Given data:
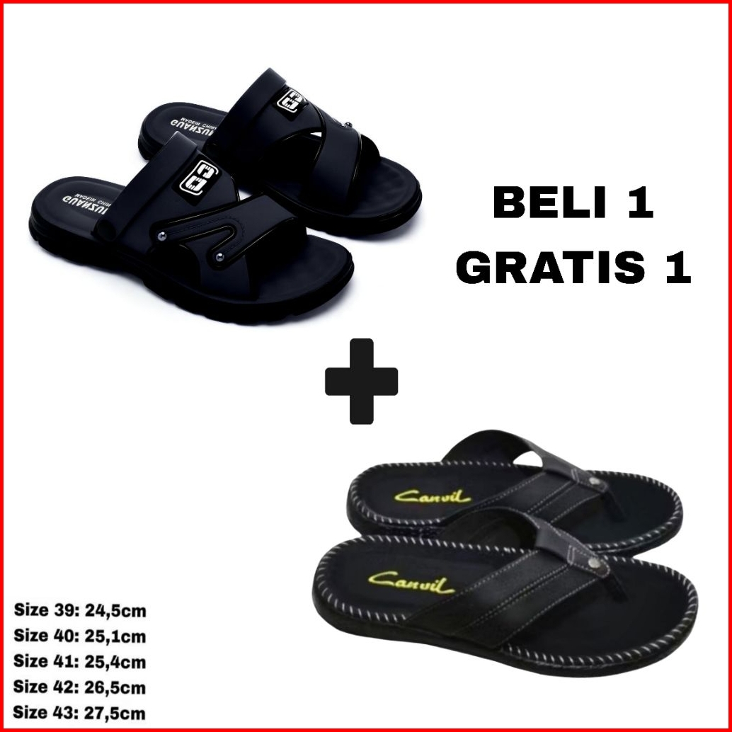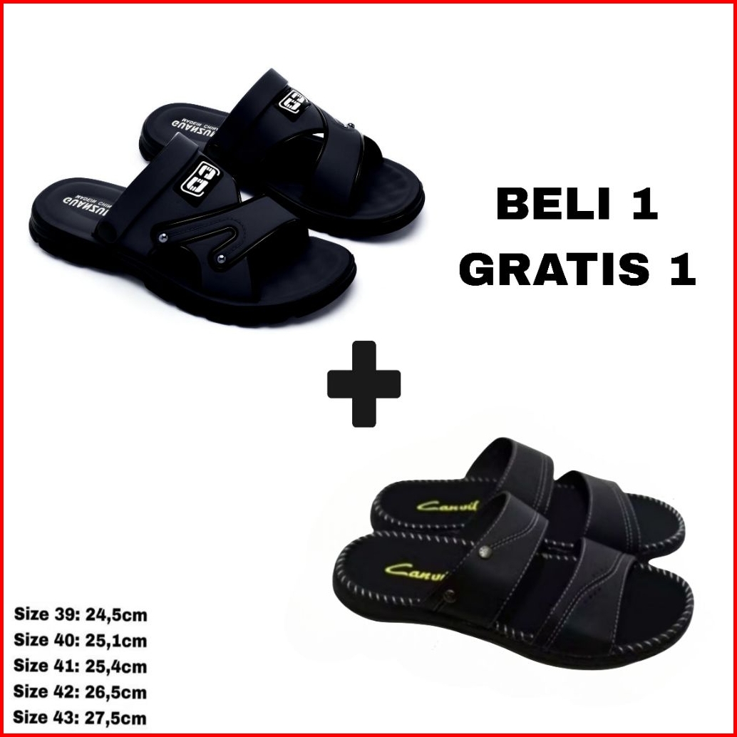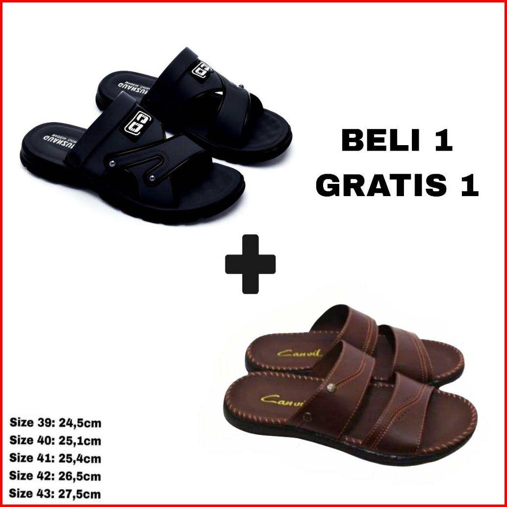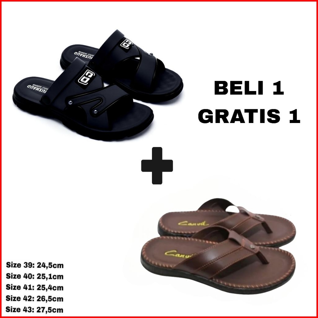 Promo Beli 1 Gratis 1 Sandal Kulit Pria Go Stylish Kekinian Sandal Kasual Pria Sandal Slide Kulit
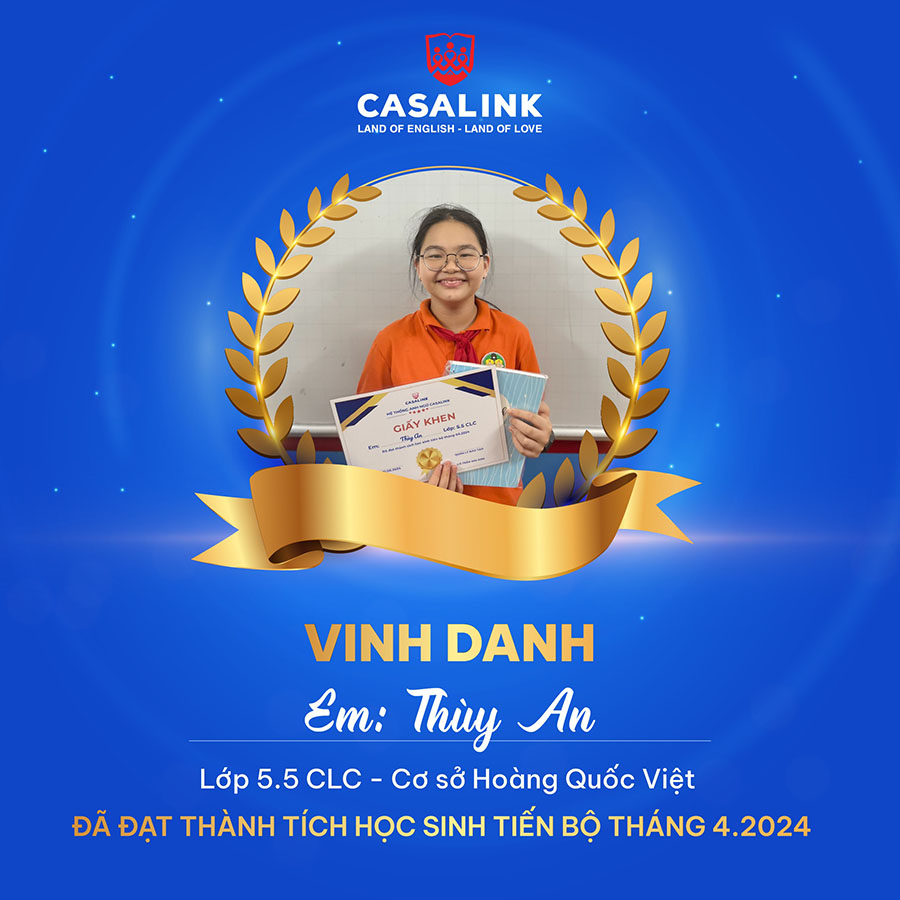 CASALINK xin gửi lời chúc mừng chân thành nhất đến tất cả các học sinh đã được vinh danh trong tháng này. Các em chính là niềm tự hào của gia đình, thầy cô và cả cộng đồng học sinh CASALINK. Với những gì đã đạt được, các em sẽ còn tiến xa hơn nữa trong tương lai. Mỗi bước tiến của các em hôm nay sẽ là nền tảng vững chắc cho những thành công rực rỡ sau này.
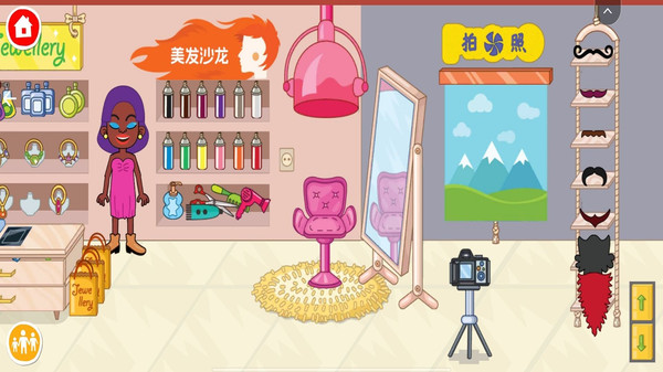 场景内容涵盖家、学校、商场、医院、游乐园、海底世界、太空站等数十个可互动场景,每个场景都有独特道具与功能,如商场可购物换装、医院可扮演医生治病、游乐园可启动游乐设施。
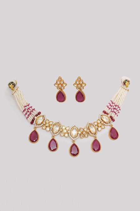 Gold finish floral choker necklace featuring clear moissanite stones and red stone drops. Paired with a matching set of earrings adorned with pearls and moissanite accents.
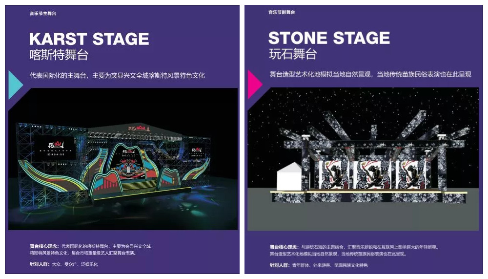 喀斯特舞台,代表国际化的舞台,展现兴文特色自然风光。玩石舞台,副舞台,展现当地传统的文化艺术。
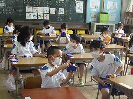 入学から3か月が経ち、学校で様々な経験をしました。図工の授業で様々な作品を作ったり、生活科の授業であさがおの花を使って色水を作ったりしました。友達と笑い合いながら楽しそうに授業を受けています。
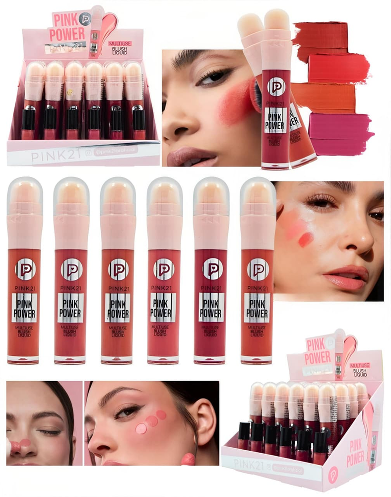 (Caja x 24U. Rubor Liquido versátil que se puede aplicar en las mejillas, labios y párpados para dar un toque de color natural).
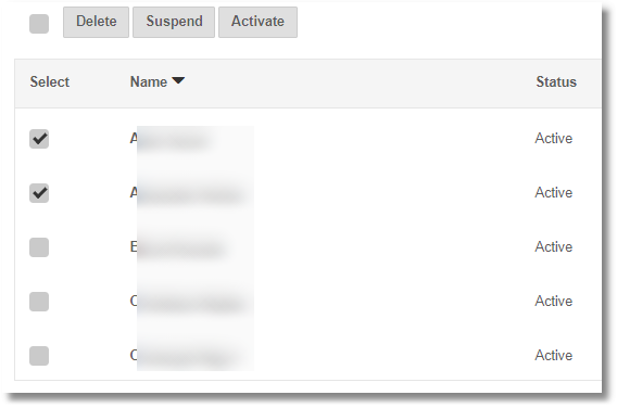 Using this option you can change the state of several account administrators at once. If one or more checkboxes are checked the Delete, Suspend, Activate buttons are visible. If you click one of these buttons the corresponding action is applied to all checked administrators.
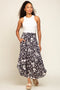 A palm printed maxi dress featuring a v-neckline, a front knot twist, a front cutout, adjustable cami straps, a smocked elastic back and a ruffle hem.
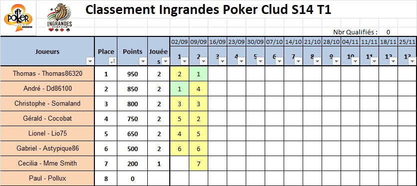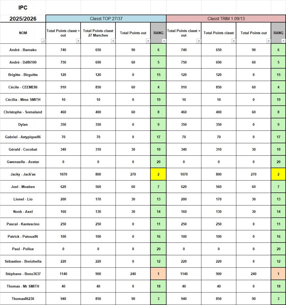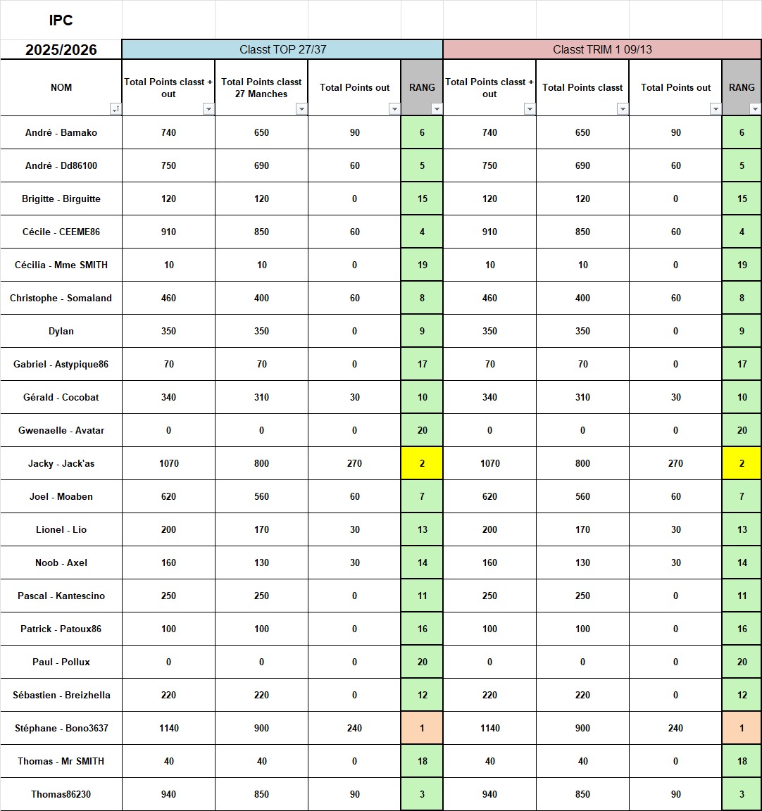 Et voici tous ceux et celles qui vont vouloir le faire chuter : Dédé86100, notre dernier vainqueur de l’open IPC et nouveau trésorier (attention car c’est généralement la banque qui gagne), Lio, le dauphin du champion et notre conteur adoré (Il adore vous raconter des histoires à table !), Pollux, notre vice-président, aussi à l’aise à 10000 pieds qu’avec les différentes mains que vous le laisserez jouer, Moaben qui en impose à table, Bono3637, notre globetrotter attitré, Palistro, notre représentant multi cartes, Brigitte, notre novice qui commence à apprécier le vice du jeu, Patttoux, l’un des piliers du temple, Cocobat, un président qui n’a pas besoin de vote de confiance, Thomas86320 qui veut faire partie des prétendants, somatland86 qui n’est plus en période d’adaptation, Bamako qui aime le poker, la bonne cuisine et surtout sa femme, Breizhella qui veut retrouver son jeu précédant sa longue absence, Mr & Mrs Smith qui vont nous jouer leurs dernières scènes, Ceeme86 qui compense avec la folie philosophique ou la philosophie folle de son Kantescino, Astypique qui va devenir croupier professionnel pour élargir son jeu déjà illimité, Dylan, la relève qui pousse très fort, Avatar, une exilée qui aime se ressourcer dans notre monde, ainsi que noob,notre néophyte de cette nouvelle saison (Attention Daddy !).

What to produce: When copying from the data above, print only the lines from the line containing "(Caja x 24U." to the line containing "Using this option", exactly, and leave the pictures out.

Answer space:
 (Caja x 24U. Rubor Liquido versátil que se puede aplicar en las mejillas, labios y párpados para dar un toque de color natural).
 Using this option you can change the state of several account administrators at once. If one or more checkboxes are checked the Delete, Suspend, Activate buttons are visible. If you click one of these buttons the corresponding action is applied to all checked administrators.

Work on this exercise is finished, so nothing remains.